By LARRY VAUGHT
It would be foolish to act like I am not happy that Rick Stansbury is going to officially be named the new basketball coach at Western Kentucky University in a few hours.
I’ve known Stansbury, a Mead County native, for a long time. I actually watched him play when he was at Campbellsville University and got to know him well during his time as a Mississippi State assistant coach and then head coach.
He had a 293-165 record as a head coach from 1998-2012 and got Mississippi State in the NCAA Tournament six times as head coach.
The last two years he has been an assistant coach at Texas A&M, which made the NCAA Sweet Sixteen this year.
I’m not quite sure what Stansbury is getting into since Ray Harper resigned suddenly in mid-March as Western’s coach after three players were suspended following a hearing by the school’s disciplinary committee. Harper was 89-64 in five seasons at Western and got the Hilltoppers in the NCAA in 2012 and 2013.
I talked to Stansbury several times at the recent SEC Tournament in Nashville. He always offered great insights into the UK program. He grew up a Kentucky fan and not only did his State teams battle UK often, but he always kept an eye on the Wildcats.
But he seemed happy at Texas A&M.
“We spent 24 great years at Starkville,” Stansbury said. “This is not a knock on Starkville, but this is easy compared to what we did in Starkville. We have so much more to work with. We have unbelievable facilities. We have 63,000 students, we have players around us everywhere. No question joining the league has separated us from the rest of those Texas schools.”

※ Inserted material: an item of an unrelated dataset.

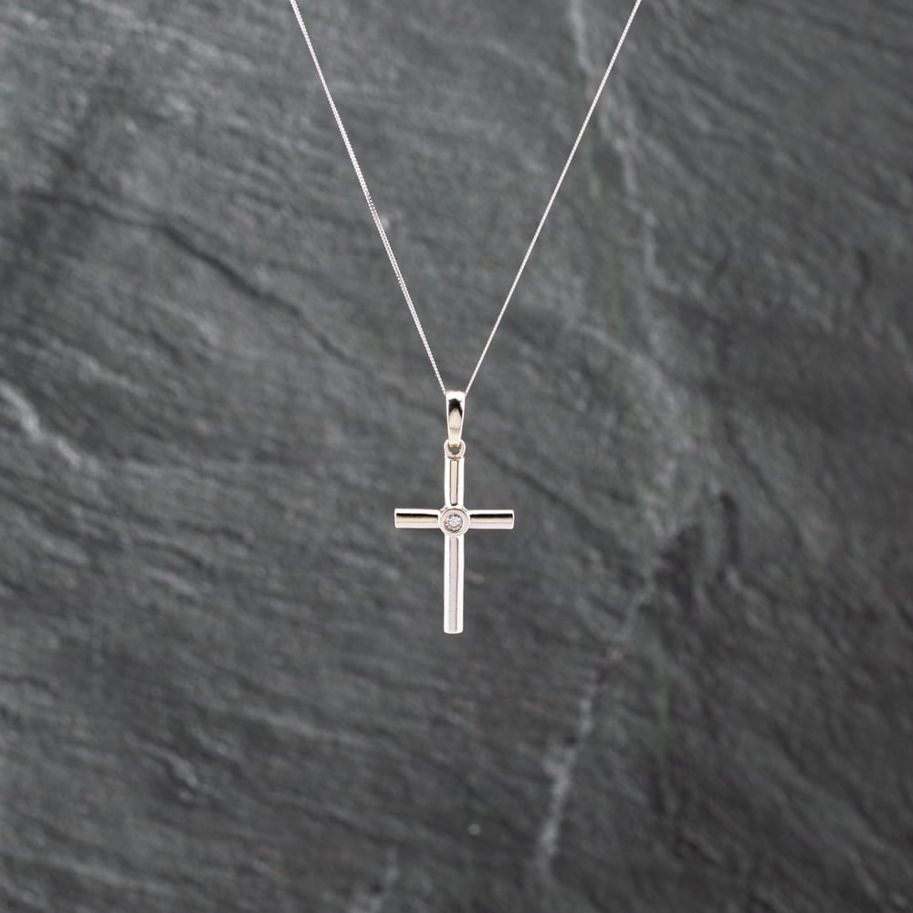 9ct White Gold Diamond Cross Pendant & 18 Inch Curb Chain

He said being out of coaching recharged him.
“Those couple of years I was away gave me longevity. It’s not easy in Starkville. Two years away I got to wrap my arms around my boys and travel the world and country. That was special. But now to get back in it and compete at this level and have a chance to win a championship is very special,” Stansbury said.
He has three sons — Isaac, 16; Noah, 13; and Luke, 11.

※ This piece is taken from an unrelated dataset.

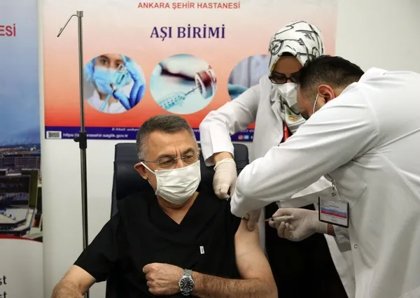 Türkiye'de COVİD-19'a karşı aşılama başladı. Cumhurbaşkanı Yardımcısı Fuat Oktay'a dün Ankara Şehir Hastanesi'nde CoronaVac aşısının ilk dozu uygulandı. Oktay, "Tüm vatandaşlarımıza gelip aşılarını yaptırmalarını tavsiye ediyorum" açıklaması yaptı.
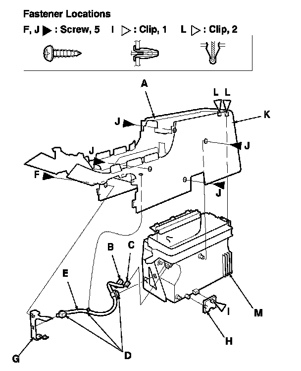 -4 Remove the screws (J), then pull out the center console (K) to detach the clips (L). Remove the center console from the console box (M).

“When you have kids, what little free time you have, they dictate that free time,” Stansbury said.
That’s why he has always found a way to keep his sons involved with his team. They often travel with the team and also often attend practice.
I’m proud to have both Stansbury and his wife, Meo, as friends and without knowing what issues he might be inheriting at Western, I think Western is getting a proven recruit and successful coach that is eager again to show he can lead a winning program.